• Work instructions:
Repeat only the lines below that run from the line with "В ответ на пост" to the line with "Altın Renk Taş", ends included; skip every picture.

-- Excerpted records follows --

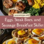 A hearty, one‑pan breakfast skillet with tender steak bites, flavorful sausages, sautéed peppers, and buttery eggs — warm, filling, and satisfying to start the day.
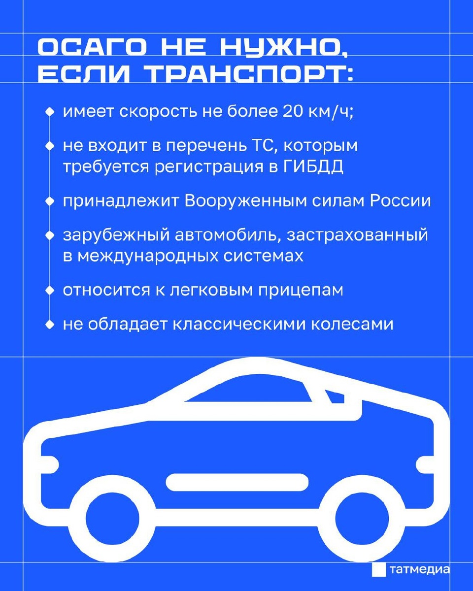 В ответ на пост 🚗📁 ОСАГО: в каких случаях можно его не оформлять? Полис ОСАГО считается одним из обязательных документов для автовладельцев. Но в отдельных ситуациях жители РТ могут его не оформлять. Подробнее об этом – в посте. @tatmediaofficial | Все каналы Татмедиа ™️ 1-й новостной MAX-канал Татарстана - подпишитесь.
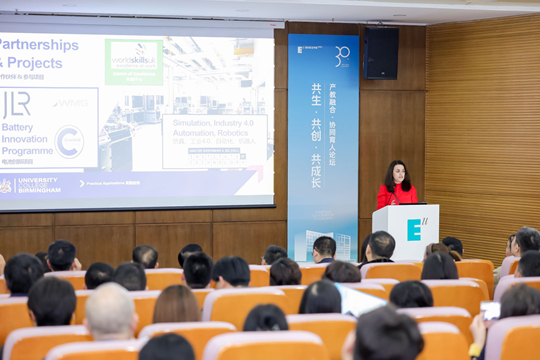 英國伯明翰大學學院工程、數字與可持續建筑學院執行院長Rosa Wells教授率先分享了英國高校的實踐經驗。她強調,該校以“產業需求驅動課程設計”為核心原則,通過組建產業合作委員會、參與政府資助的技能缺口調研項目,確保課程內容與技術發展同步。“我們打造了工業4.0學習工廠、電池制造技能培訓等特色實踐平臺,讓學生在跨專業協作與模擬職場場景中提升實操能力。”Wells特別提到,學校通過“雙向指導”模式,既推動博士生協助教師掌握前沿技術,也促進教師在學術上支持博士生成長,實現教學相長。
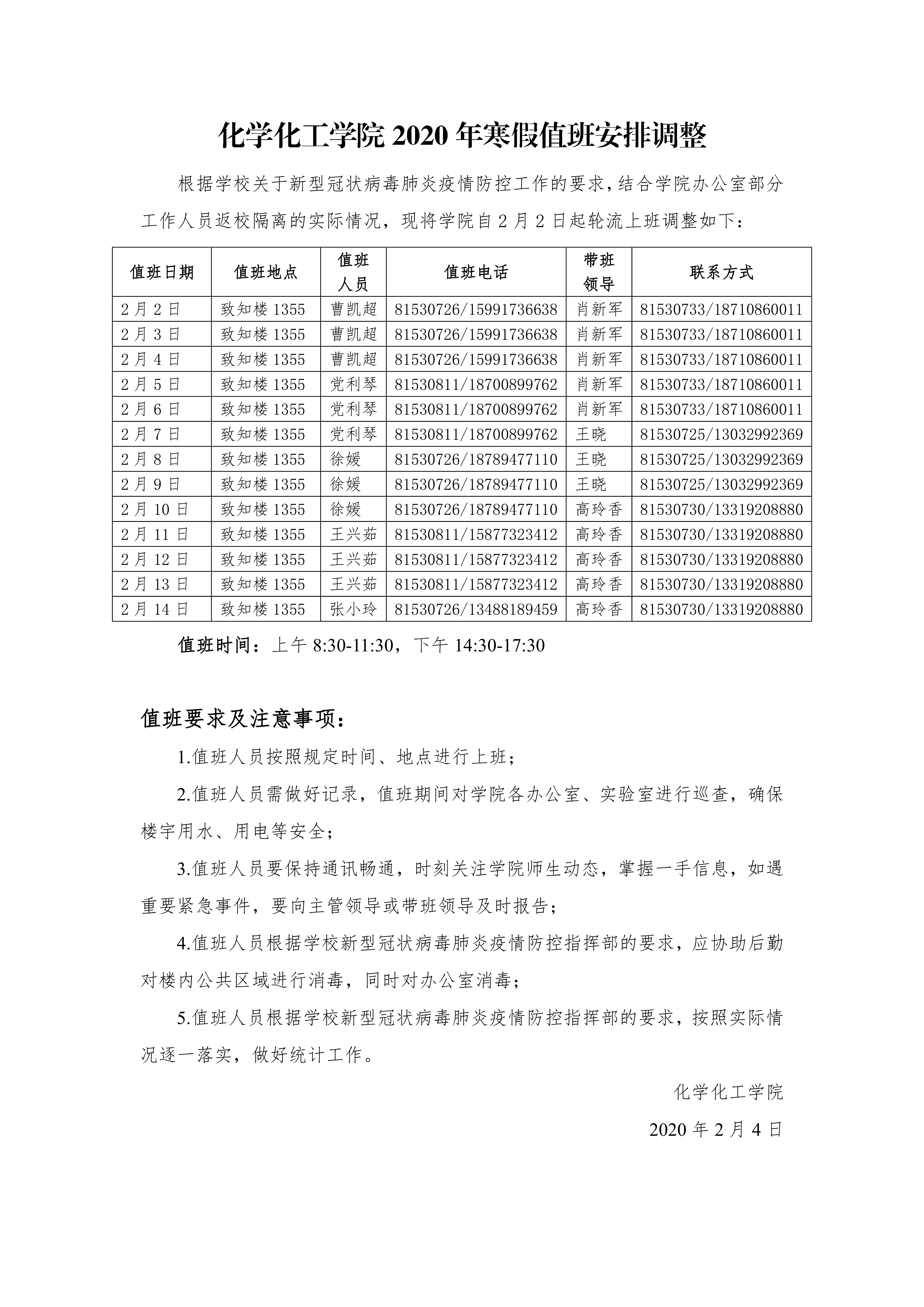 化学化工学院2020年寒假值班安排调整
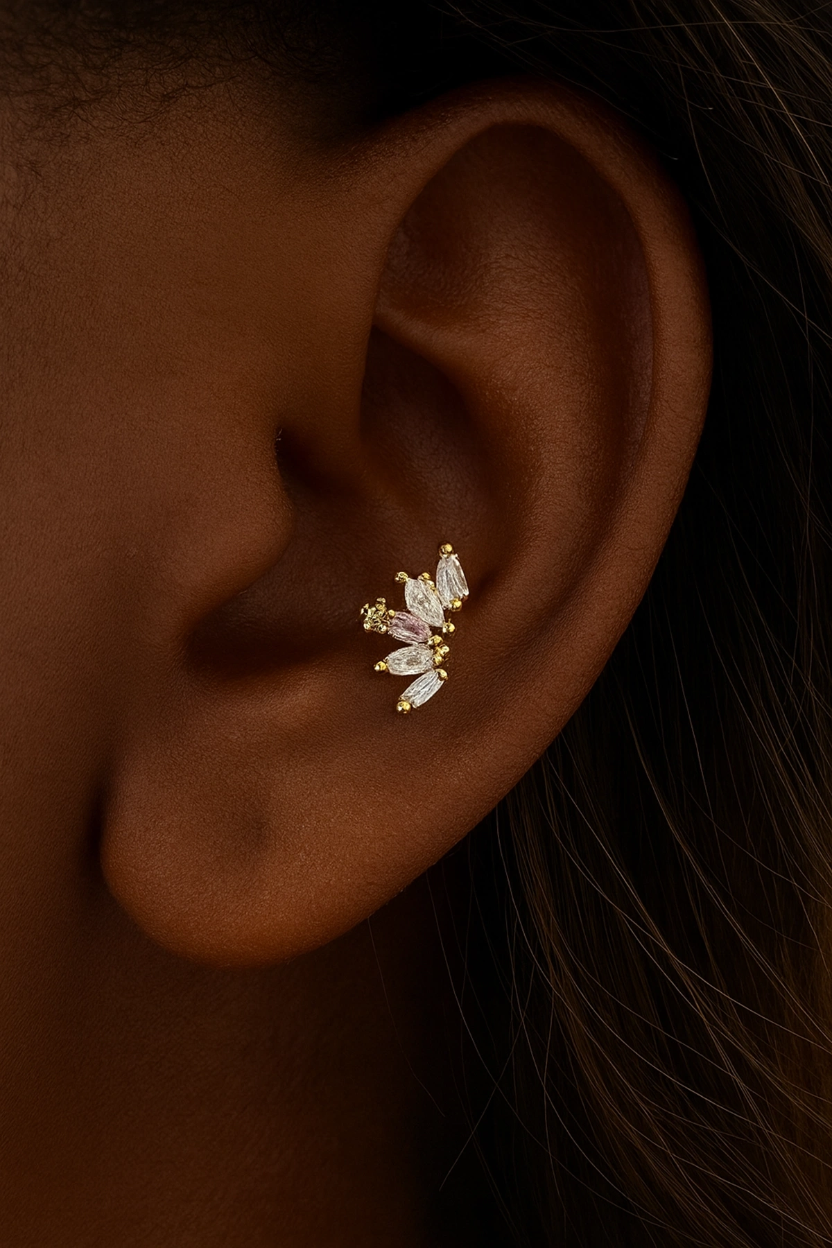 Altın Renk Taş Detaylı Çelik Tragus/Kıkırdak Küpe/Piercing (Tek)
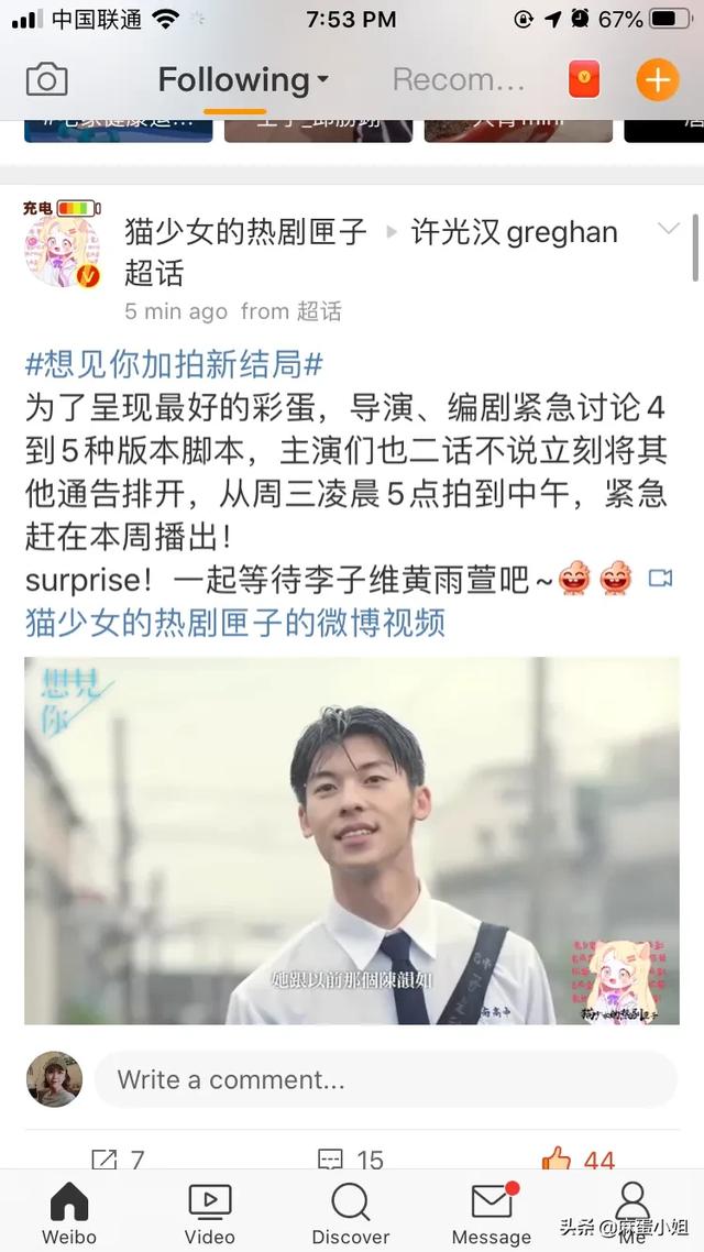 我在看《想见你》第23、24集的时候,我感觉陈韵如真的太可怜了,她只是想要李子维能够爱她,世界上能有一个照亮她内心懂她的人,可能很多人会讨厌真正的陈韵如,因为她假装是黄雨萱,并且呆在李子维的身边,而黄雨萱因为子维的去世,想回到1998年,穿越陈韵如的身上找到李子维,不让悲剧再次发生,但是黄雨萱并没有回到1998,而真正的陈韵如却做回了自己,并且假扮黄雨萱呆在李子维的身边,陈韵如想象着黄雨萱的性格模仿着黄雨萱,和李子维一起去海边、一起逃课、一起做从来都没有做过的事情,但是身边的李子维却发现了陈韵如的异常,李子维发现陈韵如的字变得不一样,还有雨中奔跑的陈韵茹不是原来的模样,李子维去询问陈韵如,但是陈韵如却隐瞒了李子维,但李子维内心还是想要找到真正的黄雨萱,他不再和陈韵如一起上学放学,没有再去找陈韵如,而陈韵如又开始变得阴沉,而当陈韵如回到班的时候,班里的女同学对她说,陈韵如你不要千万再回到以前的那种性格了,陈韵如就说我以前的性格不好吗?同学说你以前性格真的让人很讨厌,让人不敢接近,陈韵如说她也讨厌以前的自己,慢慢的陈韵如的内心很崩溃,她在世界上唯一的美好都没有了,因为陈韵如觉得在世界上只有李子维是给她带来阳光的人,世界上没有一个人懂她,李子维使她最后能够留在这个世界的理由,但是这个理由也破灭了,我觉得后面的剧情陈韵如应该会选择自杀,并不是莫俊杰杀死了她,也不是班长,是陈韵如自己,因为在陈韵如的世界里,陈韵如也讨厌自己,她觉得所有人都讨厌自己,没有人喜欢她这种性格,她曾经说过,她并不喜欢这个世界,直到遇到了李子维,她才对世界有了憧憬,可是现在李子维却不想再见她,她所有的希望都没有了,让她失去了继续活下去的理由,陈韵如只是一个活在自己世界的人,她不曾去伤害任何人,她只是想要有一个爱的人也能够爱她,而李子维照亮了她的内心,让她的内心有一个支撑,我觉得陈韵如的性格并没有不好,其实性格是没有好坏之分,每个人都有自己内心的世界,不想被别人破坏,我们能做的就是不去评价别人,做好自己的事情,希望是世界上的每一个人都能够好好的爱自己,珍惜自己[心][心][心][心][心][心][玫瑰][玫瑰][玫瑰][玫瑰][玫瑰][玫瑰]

-- Excerpted records concluded --

• Written response:
 В ответ на пост 🚗📁 ОСАГО: в каких случаях можно его не оформлять? Полис ОСАГО считается одним из обязательных документов для автовладельцев. Но в отдельных ситуациях жители РТ могут его не оформлять. Подробнее об этом – в посте. @tatmediaofficial | Все каналы Татмедиа ™️ 1-й новостной MAX-канал Татарстана - подпишитесь.
 英國伯明翰大學學院工程、數字與可持續建筑學院執行院長Rosa Wells教授率先分享了英國高校的實踐經驗。她強調,該校以“產業需求驅動課程設計”為核心原則,通過組建產業合作委員會、參與政府資助的技能缺口調研項目,確保課程內容與技術發展同步。“我們打造了工業4.0學習工廠、電池制造技能培訓等特色實踐平臺,讓學生在跨專業協作與模擬職場場景中提升實操能力。”Wells特別提到,學校通過“雙向指導”模式,既推動博士生協助教師掌握前沿技術,也促進教師在學術上支持博士生成長,實現教學相長。
 化学化工学院2020年寒假值班安排调整
 Altın Renk Taş Detaylı Çelik Tragus/Kıkırdak Küpe/Piercing (Tek)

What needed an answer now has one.